Ha Long Bay is about an hour away from Hanoi and is probably the most popular tourist site in Vietnam. It is recognized as a UNESCO World Heritage Site and sees approximately 2 million tourists a year. The bay is so special because it is filled with thousands of limestone karsts which are basically tall columns which have emerged out of the water over the course millions of years.
The thousands of tourists who visit per day either take a day boat to see the bay or go by overnight cruise which anchors in the middle of bay.
There are hundreds of cruises which set out every day at every price point, we went for the mid-range option. When we were picked up from out hotel in the morning, we were informed that we had been upgraded because there was not enough room on the cruise we booked. On the more luxurious cruise, we were the youngest people by at least 30 years. Out of the 30 something people on the boat, all but 6 were a group of Indian retirees from London.
It turned out that this group came prepared to party! After dinner, all the women dressed in saris and even had an extra outfit for Rona. We danced all night to Indian music and played silly games like “who can dress their husband in a sari the fastest” and “who has the most best fake laugh.” Our boat definitely had the most exciting party on the bay that night.
The second day we visited a cave called Sung Sot Cave. The cave is special because it contains the largest grotto in Ha Long Bay and has limestone formations dating back 500 million years.

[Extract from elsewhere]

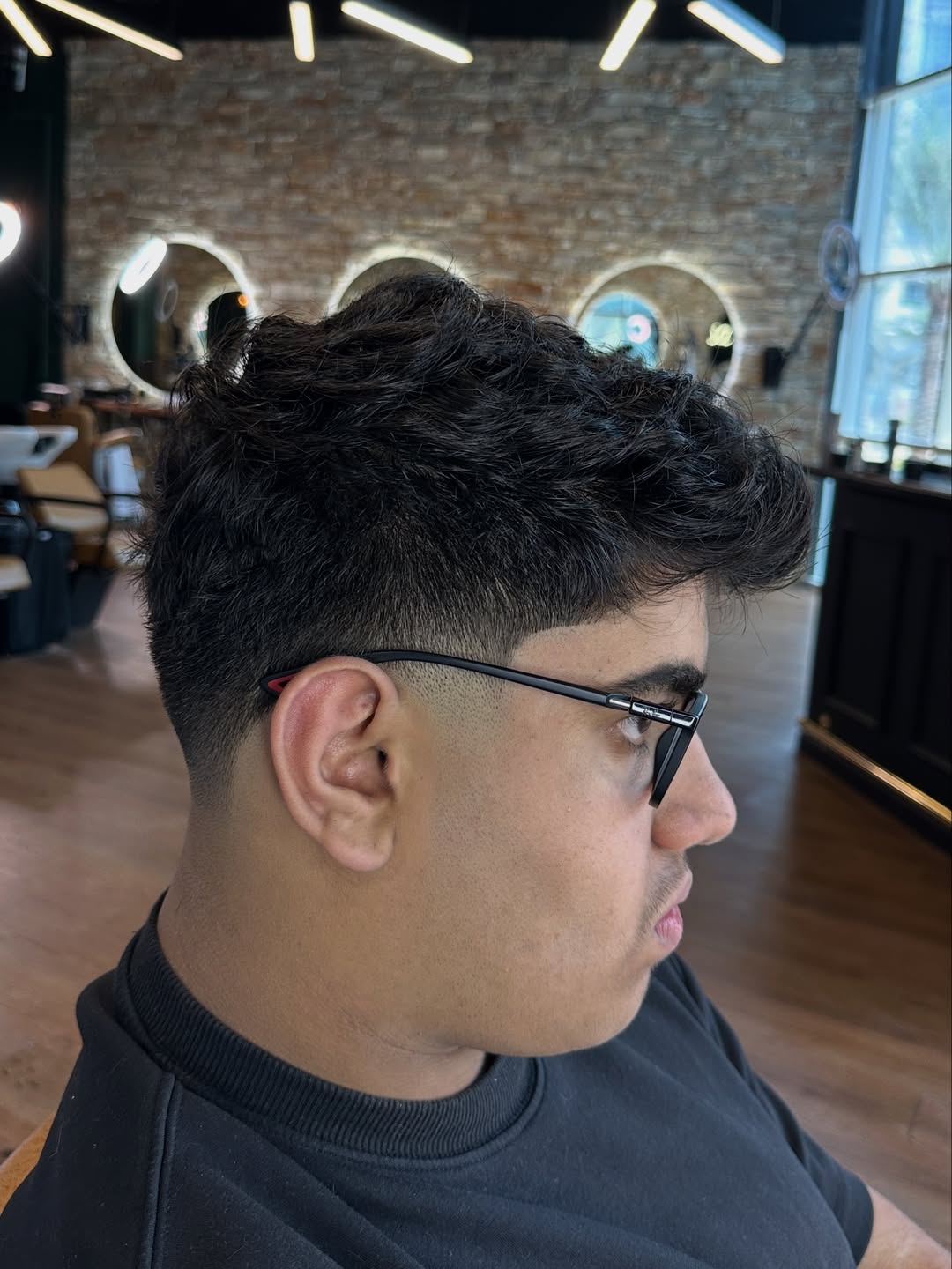 The tapered spiky cut is a gradual cut to reduce hair on the top to sides to give a sharp and clean cut. The top is textured and spiked to give it height, whereas the sides and the back are faded slightly. This mixture strikes a balance between roundness and brings structure to the face. It is a matte wax or clay, which does not polish the spikes and leaves them dry and hard. The low-maintenance, all-purpose, and professional taper spiky cut fits very well for the male gender who would desire a contemporary and stylish appearance that is easy to approach and still attractive on the round faces of the person.

Ha Long Bay is a truly spectacular natural phenomenon. However, after returning, we couldn’t help but feel something must be done by the Vietnamese government to control the damage done by tourism. The hundreds of boats consistently within view subtracted from our enjoyment, in addition to the tons of garbage left behind. Hopefully, there can be a sustainable solution for the future so tourists for years to come can enjoy the sites.